Exercise objective: Would you reproduce exactly the lines below from the one holding "打好的米漿,用細篩過濾一下,這樣米漿會更細膩,口感會更好。" through the one holding "这对小娃手里端的是搪瓷碗,碗", inclusive, and no others?

[[ Records to process open ]]

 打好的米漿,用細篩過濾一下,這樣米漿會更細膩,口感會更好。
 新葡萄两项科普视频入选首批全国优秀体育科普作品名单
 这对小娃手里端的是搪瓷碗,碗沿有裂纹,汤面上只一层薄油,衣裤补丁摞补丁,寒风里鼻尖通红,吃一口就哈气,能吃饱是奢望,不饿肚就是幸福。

[[ Records to process closed ]]
[[ Records to process open ]]

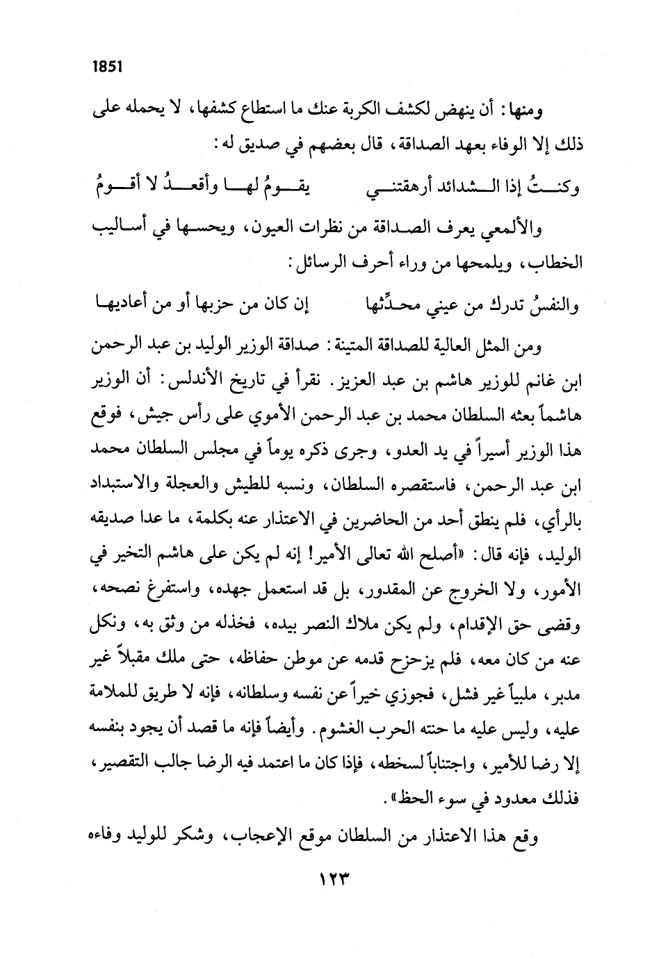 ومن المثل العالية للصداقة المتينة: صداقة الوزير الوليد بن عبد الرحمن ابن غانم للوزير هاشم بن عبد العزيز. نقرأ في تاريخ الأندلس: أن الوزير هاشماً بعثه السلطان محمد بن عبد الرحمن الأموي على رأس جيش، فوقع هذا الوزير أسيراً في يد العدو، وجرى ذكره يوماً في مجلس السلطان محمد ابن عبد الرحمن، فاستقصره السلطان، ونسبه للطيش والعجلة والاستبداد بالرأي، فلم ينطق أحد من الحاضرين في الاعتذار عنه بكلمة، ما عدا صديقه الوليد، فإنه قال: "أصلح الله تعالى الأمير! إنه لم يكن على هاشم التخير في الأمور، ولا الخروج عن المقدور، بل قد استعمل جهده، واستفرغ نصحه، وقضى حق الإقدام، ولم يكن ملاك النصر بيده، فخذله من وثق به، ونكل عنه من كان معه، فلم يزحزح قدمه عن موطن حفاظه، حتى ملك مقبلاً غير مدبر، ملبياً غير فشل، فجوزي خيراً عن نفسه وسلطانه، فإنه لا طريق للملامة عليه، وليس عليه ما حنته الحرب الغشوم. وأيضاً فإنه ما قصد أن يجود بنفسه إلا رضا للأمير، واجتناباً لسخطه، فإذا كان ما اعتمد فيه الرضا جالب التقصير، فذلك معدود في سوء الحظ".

[[ Records to process closed ]]
[[ Records to process open ]]

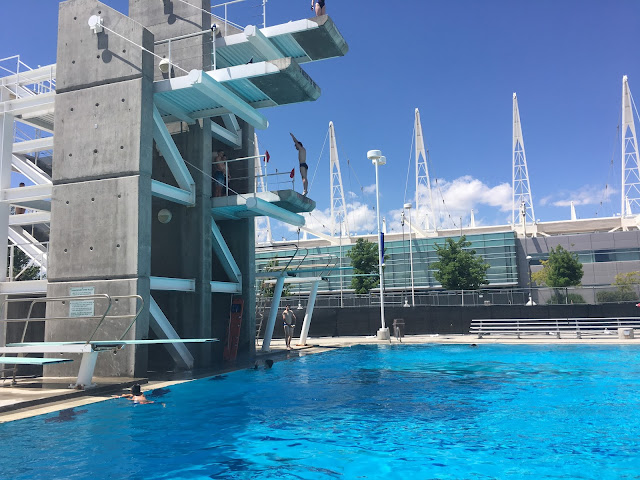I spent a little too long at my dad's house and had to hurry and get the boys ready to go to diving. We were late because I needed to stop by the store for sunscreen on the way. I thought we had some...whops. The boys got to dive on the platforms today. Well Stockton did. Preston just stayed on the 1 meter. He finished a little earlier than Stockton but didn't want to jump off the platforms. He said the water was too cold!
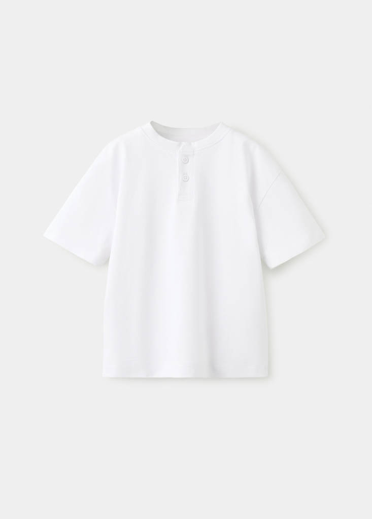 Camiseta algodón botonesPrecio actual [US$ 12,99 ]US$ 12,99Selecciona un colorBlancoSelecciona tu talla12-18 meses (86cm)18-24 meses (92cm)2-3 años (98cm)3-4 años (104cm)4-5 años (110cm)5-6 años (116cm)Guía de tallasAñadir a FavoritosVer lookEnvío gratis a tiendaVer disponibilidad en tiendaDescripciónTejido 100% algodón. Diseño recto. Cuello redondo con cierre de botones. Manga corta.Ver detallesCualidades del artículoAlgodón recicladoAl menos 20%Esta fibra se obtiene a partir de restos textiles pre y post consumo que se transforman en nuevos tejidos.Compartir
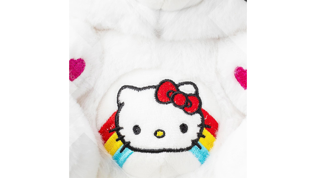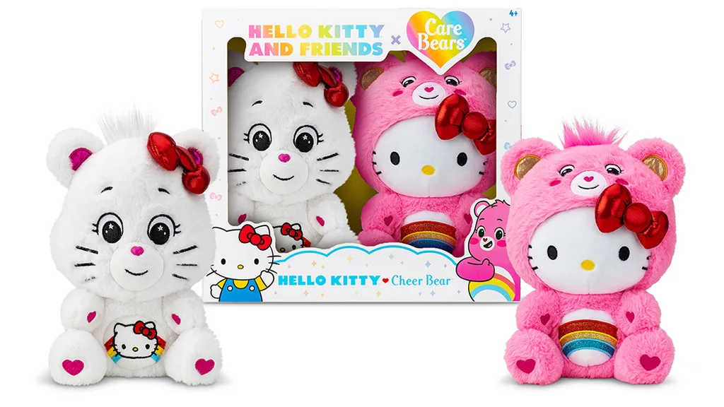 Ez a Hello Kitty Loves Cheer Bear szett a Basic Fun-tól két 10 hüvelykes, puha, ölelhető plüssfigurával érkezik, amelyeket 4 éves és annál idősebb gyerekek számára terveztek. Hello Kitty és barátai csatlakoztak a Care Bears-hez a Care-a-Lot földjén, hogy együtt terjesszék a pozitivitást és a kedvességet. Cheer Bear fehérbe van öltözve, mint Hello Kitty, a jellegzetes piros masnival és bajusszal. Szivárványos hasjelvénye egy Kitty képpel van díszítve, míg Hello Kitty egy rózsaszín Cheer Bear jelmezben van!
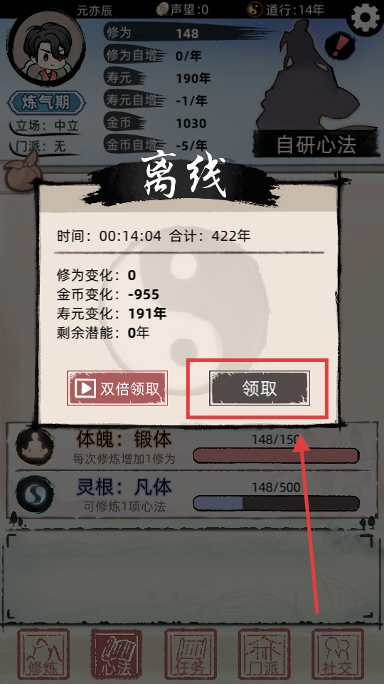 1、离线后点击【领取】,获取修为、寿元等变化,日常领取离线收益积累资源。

[[ Records to process closed ]]

Written solution:
 打好的米漿,用細篩過濾一下,這樣米漿會更細膩,口感會更好。
 新葡萄两项科普视频入选首批全国优秀体育科普作品名单
 这对小娃手里端的是搪瓷碗,碗沿有裂纹,汤面上只一层薄油,衣裤补丁摞补丁,寒风里鼻尖通红,吃一口就哈气,能吃饱是奢望,不饿肚就是幸福。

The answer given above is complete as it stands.